(Source records)
Start of Block

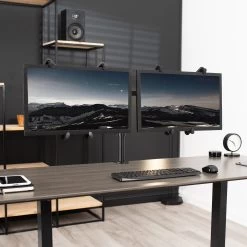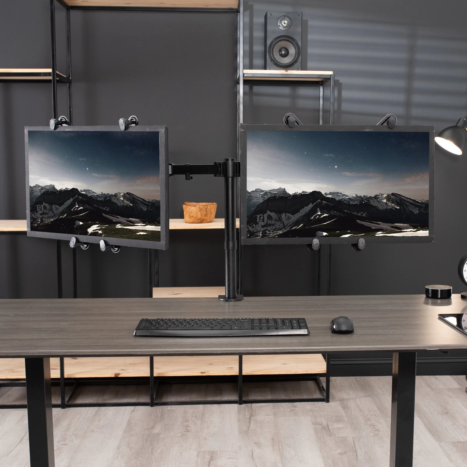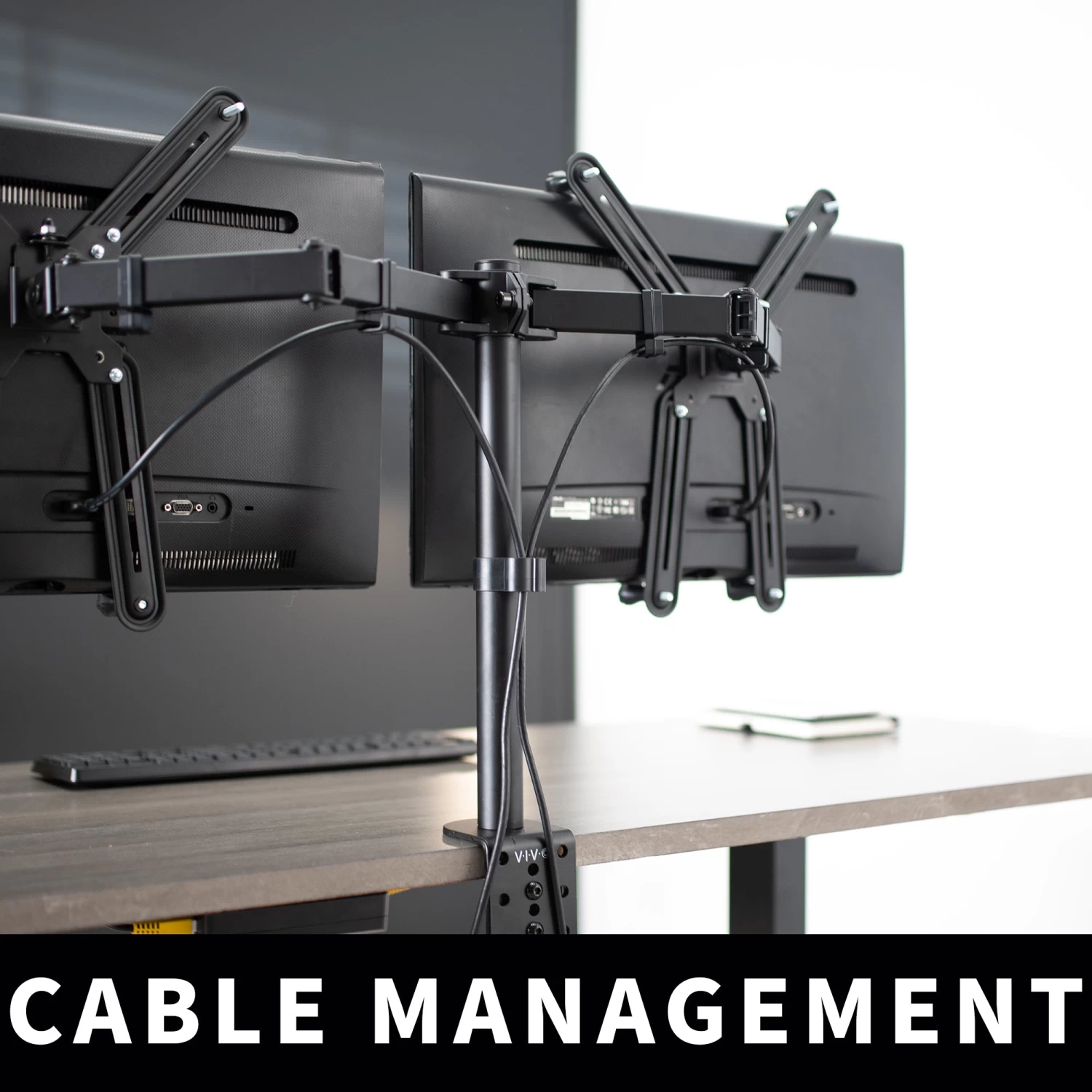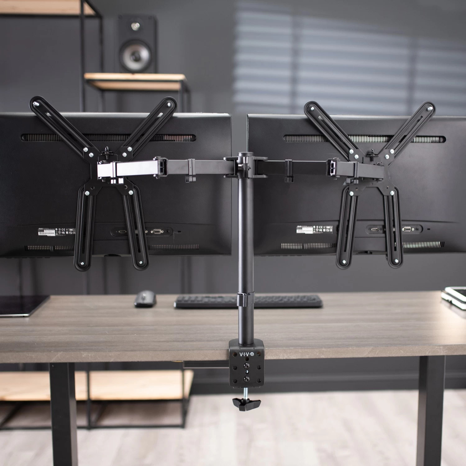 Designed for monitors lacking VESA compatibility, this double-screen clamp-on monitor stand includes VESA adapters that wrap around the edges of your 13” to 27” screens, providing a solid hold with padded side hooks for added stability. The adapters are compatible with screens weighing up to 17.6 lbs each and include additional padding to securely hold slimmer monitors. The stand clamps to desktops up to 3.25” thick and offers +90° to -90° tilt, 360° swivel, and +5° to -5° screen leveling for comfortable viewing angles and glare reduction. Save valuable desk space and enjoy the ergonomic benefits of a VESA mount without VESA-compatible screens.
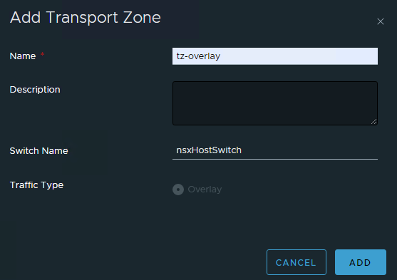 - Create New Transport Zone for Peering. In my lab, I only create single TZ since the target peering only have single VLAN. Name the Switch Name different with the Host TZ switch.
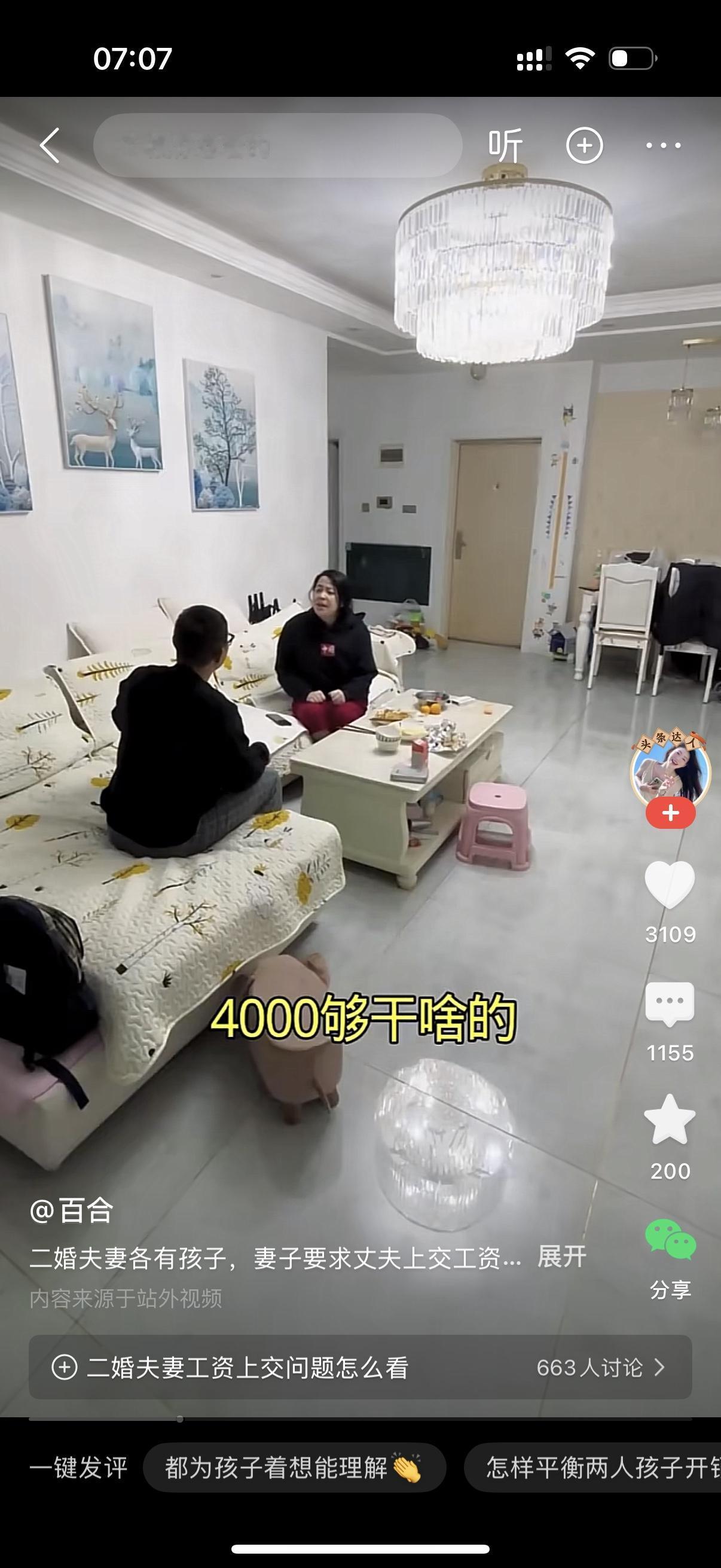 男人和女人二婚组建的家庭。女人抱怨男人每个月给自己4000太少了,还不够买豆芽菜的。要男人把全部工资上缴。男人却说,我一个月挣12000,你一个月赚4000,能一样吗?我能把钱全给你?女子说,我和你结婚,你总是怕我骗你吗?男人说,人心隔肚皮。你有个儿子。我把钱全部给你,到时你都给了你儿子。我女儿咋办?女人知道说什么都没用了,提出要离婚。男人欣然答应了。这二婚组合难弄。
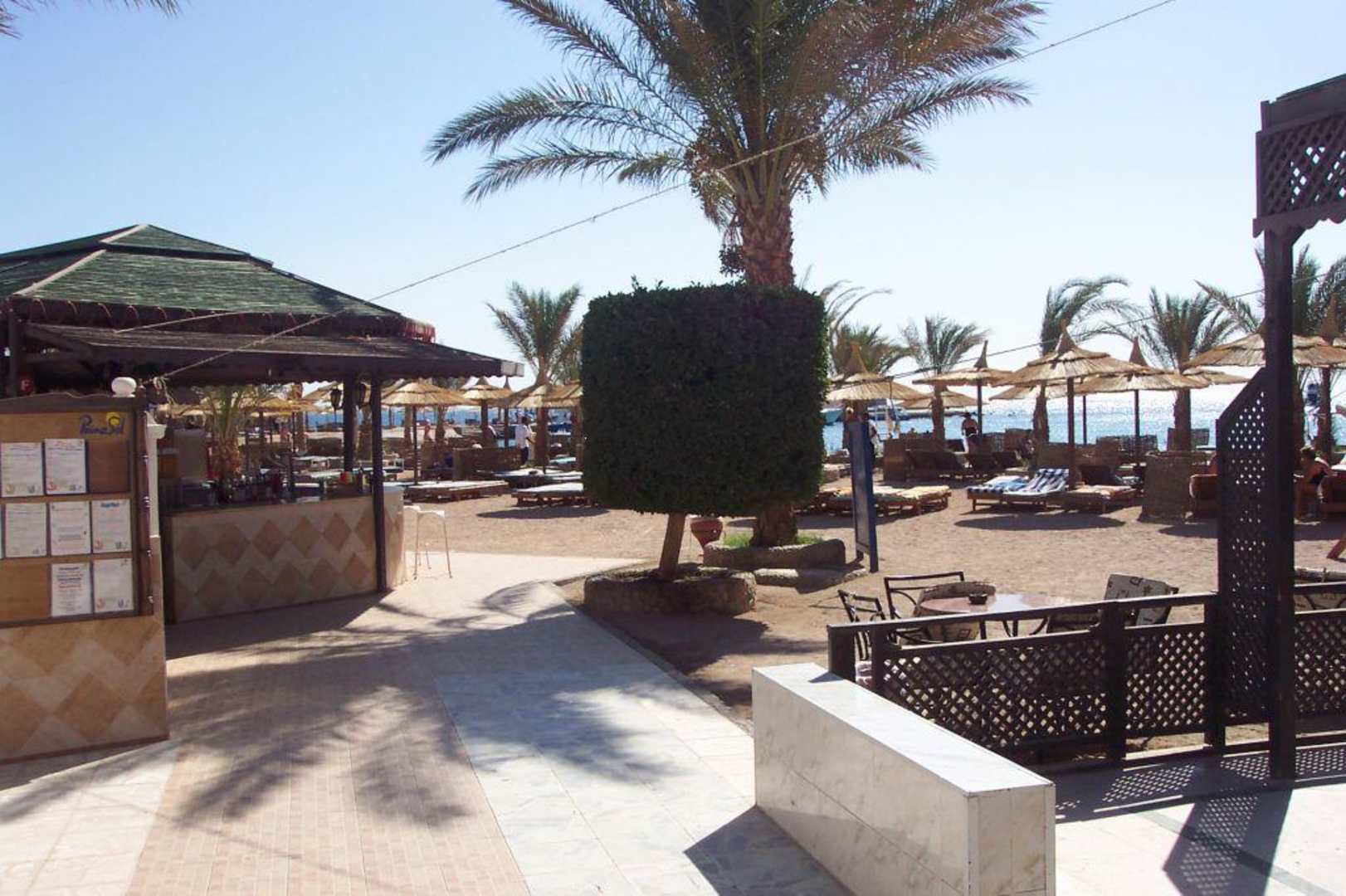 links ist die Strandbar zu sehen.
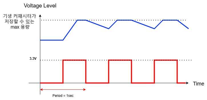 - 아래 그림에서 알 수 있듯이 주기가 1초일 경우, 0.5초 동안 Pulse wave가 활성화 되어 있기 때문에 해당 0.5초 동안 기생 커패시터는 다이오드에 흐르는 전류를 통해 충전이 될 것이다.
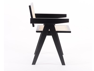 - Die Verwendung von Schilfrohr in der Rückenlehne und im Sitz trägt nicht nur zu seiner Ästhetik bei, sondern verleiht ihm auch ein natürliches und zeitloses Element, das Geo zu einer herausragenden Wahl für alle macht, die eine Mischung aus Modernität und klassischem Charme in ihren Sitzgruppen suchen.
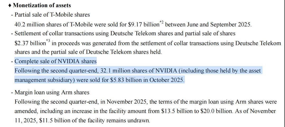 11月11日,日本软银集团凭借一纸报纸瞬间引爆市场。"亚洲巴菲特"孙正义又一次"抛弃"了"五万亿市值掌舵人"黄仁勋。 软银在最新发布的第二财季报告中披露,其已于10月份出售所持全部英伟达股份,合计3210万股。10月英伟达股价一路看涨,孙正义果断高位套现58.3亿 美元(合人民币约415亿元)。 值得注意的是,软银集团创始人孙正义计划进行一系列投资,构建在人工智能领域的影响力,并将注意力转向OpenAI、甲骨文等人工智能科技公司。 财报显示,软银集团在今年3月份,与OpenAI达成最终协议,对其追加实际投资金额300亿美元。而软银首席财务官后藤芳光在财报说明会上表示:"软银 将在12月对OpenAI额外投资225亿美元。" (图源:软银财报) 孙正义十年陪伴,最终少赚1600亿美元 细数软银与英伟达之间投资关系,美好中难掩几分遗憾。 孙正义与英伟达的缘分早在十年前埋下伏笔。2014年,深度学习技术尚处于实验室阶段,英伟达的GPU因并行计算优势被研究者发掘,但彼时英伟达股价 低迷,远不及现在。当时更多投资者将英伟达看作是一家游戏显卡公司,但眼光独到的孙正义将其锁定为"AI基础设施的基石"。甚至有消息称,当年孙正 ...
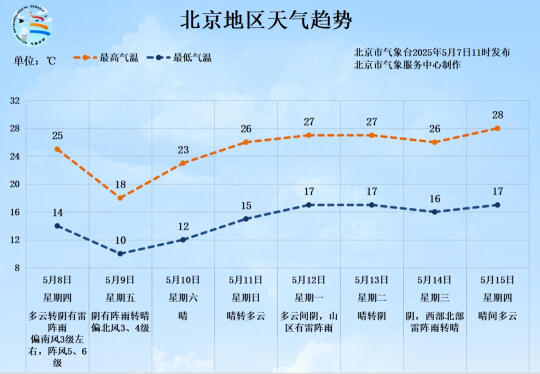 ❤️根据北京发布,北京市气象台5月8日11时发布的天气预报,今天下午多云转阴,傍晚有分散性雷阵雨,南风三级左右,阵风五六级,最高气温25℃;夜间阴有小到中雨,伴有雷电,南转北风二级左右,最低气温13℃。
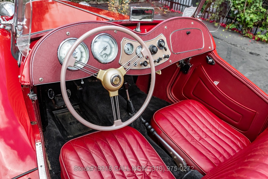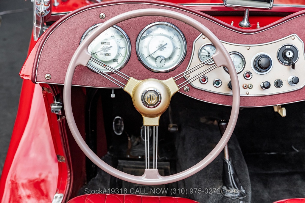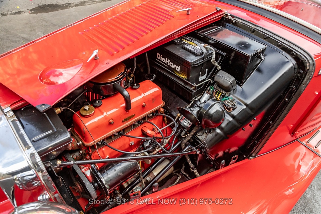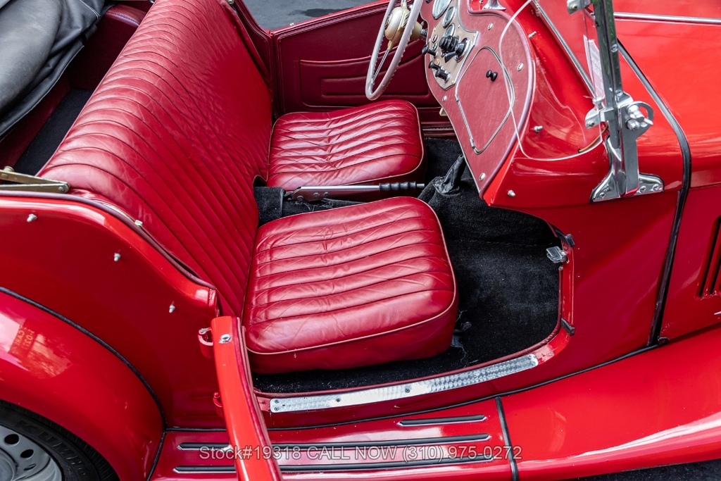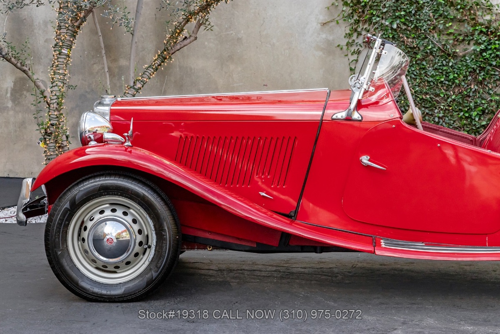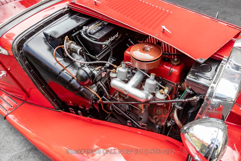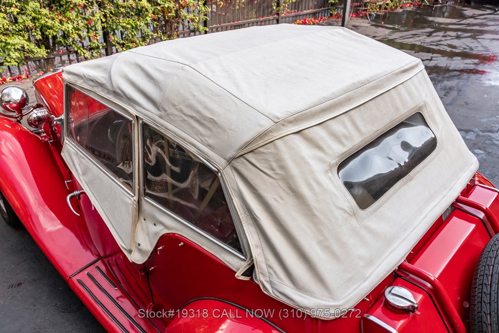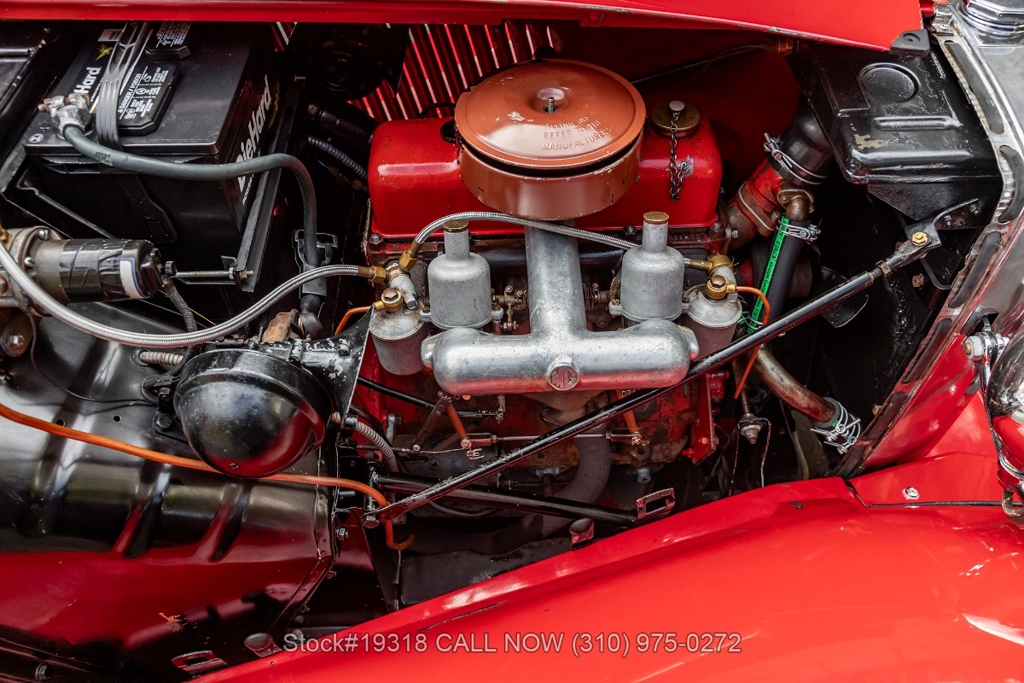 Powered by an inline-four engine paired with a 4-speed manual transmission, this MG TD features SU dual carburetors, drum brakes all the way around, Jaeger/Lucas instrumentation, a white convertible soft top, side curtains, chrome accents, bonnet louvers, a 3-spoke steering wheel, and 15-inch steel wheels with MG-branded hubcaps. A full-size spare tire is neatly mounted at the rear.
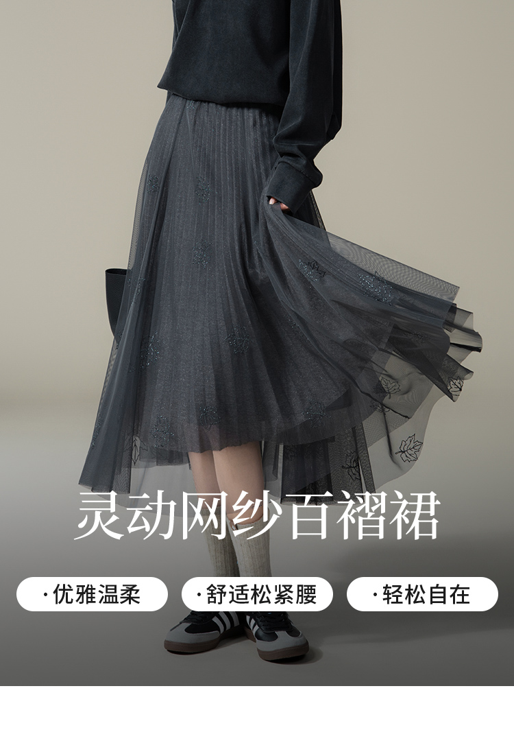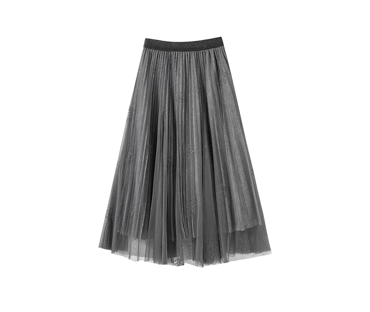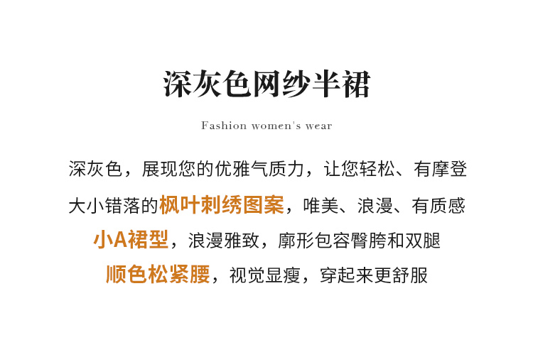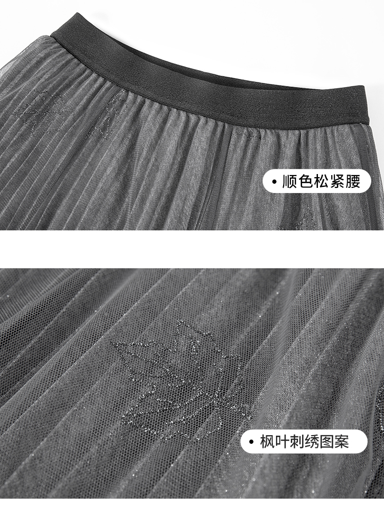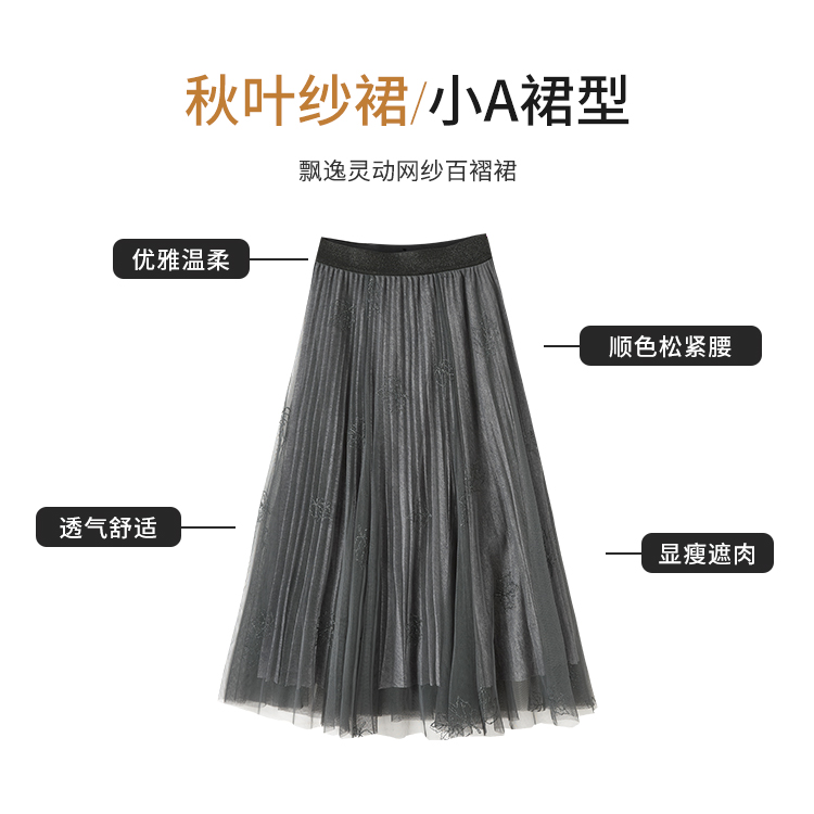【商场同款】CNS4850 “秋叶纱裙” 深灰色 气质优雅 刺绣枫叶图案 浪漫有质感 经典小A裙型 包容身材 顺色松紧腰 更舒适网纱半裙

End of Block

# Exercise details
Return only the part above that opens with the line containing "links ist die Strandbar zu sehen." and closes with the line containing "- Die Verwendung", exactly and with both ends, skipping the pictures.

# Written solution
 links ist die Strandbar zu sehen.
 - 아래 그림에서 알 수 있듯이 주기가 1초일 경우, 0.5초 동안 Pulse wave가 활성화 되어 있기 때문에 해당 0.5초 동안 기생 커패시터는 다이오드에 흐르는 전류를 통해 충전이 될 것이다.
 - Die Verwendung von Schilfrohr in der Rückenlehne und im Sitz trägt nicht nur zu seiner Ästhetik bei, sondern verleiht ihm auch ein natürliches und zeitloses Element, das Geo zu einer herausragenden Wahl für alle macht, die eine Mischung aus Modernität und klassischem Charme in ihren Sitzgruppen suchen.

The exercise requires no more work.